What the task requires –
From the listing below, give again exactly the lines from the line with "Radunalo kudi3te Darkflash" to the line with "2006年的狗年生肖纪念币,图案为身穿中", ends included, without any pictures.

Available data –

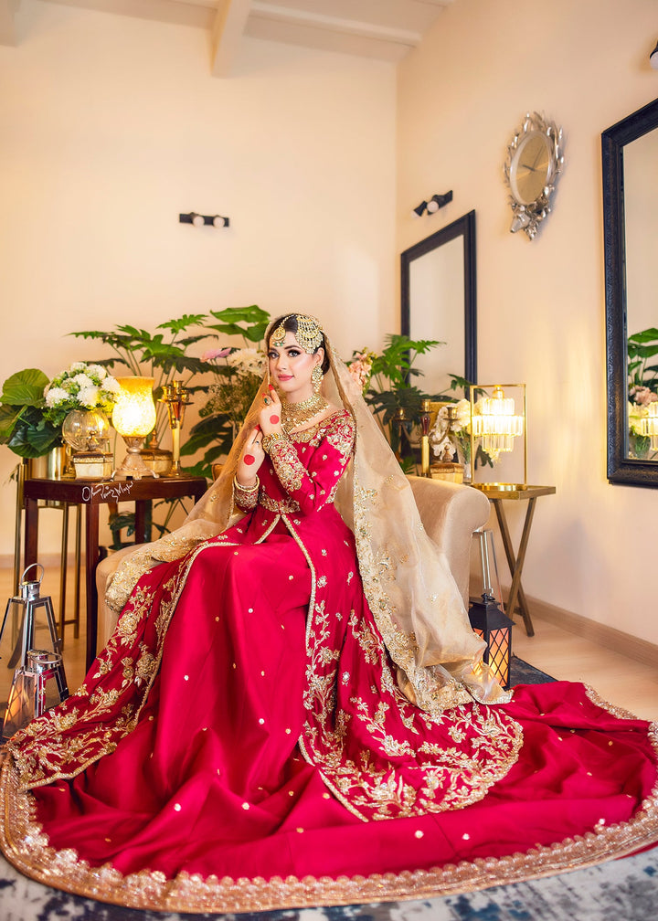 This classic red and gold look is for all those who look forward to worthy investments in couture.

==

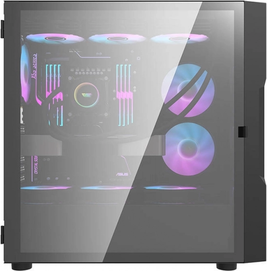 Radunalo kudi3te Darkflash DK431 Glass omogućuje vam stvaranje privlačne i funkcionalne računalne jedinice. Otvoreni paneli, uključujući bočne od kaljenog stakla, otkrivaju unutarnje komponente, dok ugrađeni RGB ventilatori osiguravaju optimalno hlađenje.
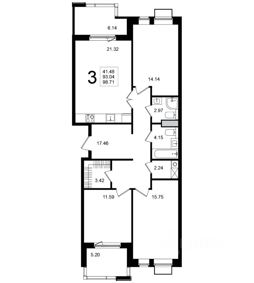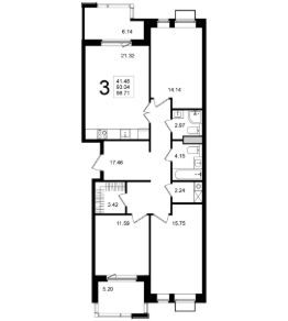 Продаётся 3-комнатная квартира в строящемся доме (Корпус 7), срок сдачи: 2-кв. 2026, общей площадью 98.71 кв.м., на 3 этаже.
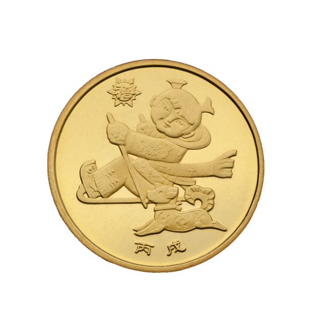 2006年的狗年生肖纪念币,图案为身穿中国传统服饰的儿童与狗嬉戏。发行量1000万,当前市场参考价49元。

...

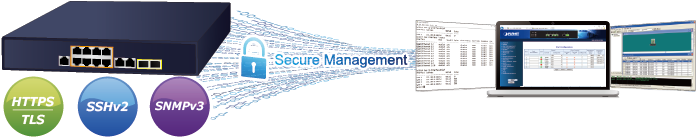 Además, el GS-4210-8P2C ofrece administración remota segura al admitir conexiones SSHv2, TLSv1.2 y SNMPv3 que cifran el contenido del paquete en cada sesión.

Task answer –
 Radunalo kudi3te Darkflash DK431 Glass omogućuje vam stvaranje privlačne i funkcionalne računalne jedinice. Otvoreni paneli, uključujući bočne od kaljenog stakla, otkrivaju unutarnje komponente, dok ugrađeni RGB ventilatori osiguravaju optimalno hlađenje.
 Продаётся 3-комнатная квартира в строящемся доме (Корпус 7), срок сдачи: 2-кв. 2026, общей площадью 98.71 кв.м., на 3 этаже.
 2006年的狗年生肖纪念币,图案为身穿中国传统服饰的儿童与狗嬉戏。发行量1000万,当前市场参考价49元。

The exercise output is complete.